[Material for this exercise]:
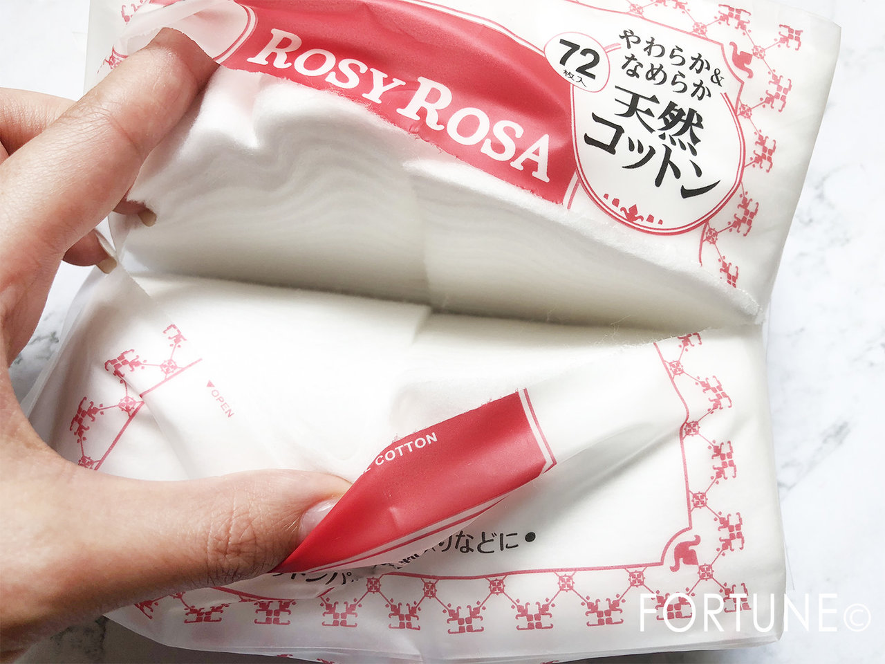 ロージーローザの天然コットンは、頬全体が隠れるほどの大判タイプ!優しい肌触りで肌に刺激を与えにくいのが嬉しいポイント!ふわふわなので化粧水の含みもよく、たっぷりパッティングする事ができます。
--
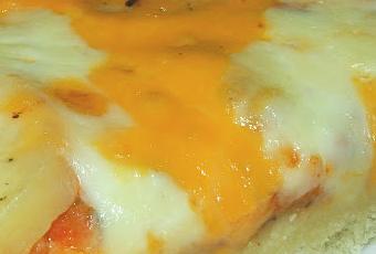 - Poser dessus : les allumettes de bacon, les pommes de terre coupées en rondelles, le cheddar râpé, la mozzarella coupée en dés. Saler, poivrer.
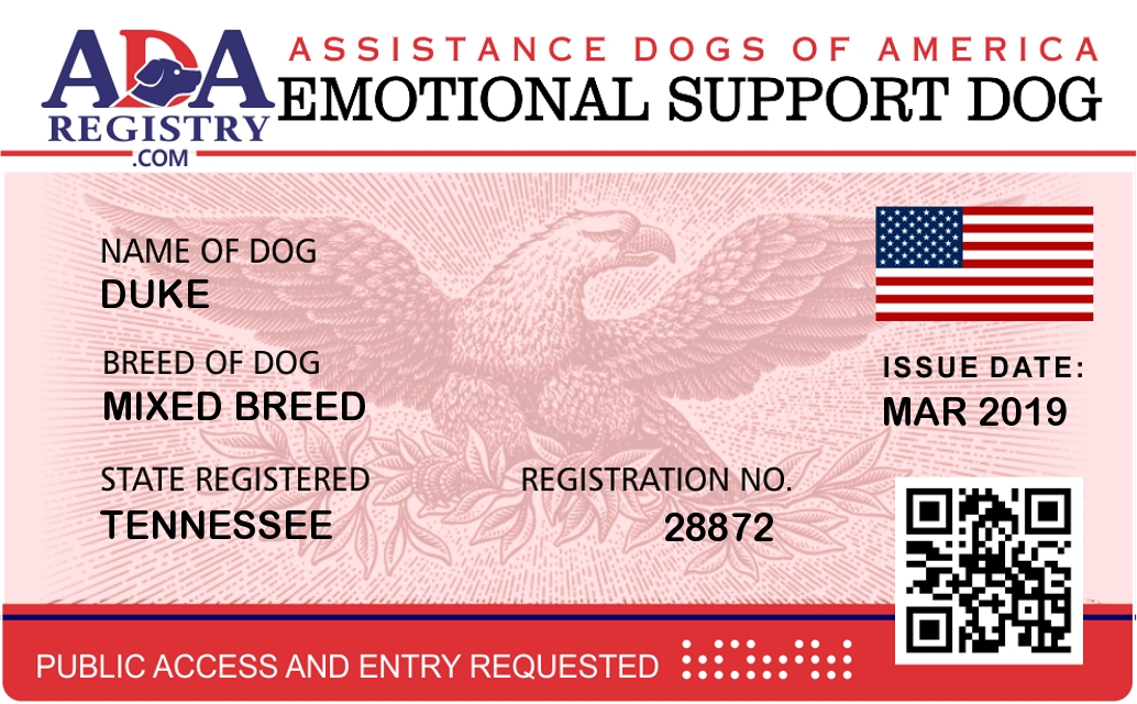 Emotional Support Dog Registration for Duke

[Aim of the exercise]:
Everything above from the line with "- Poser dessus" through the line with "Emotional Support Dog Registration for Duke" should be retyped exactly, and nothing else; omit pictures.

[Solution]:
 - Poser dessus : les allumettes de bacon, les pommes de terre coupées en rondelles, le cheddar râpé, la mozzarella coupée en dés. Saler, poivrer.
 Emotional Support Dog Registration for Duke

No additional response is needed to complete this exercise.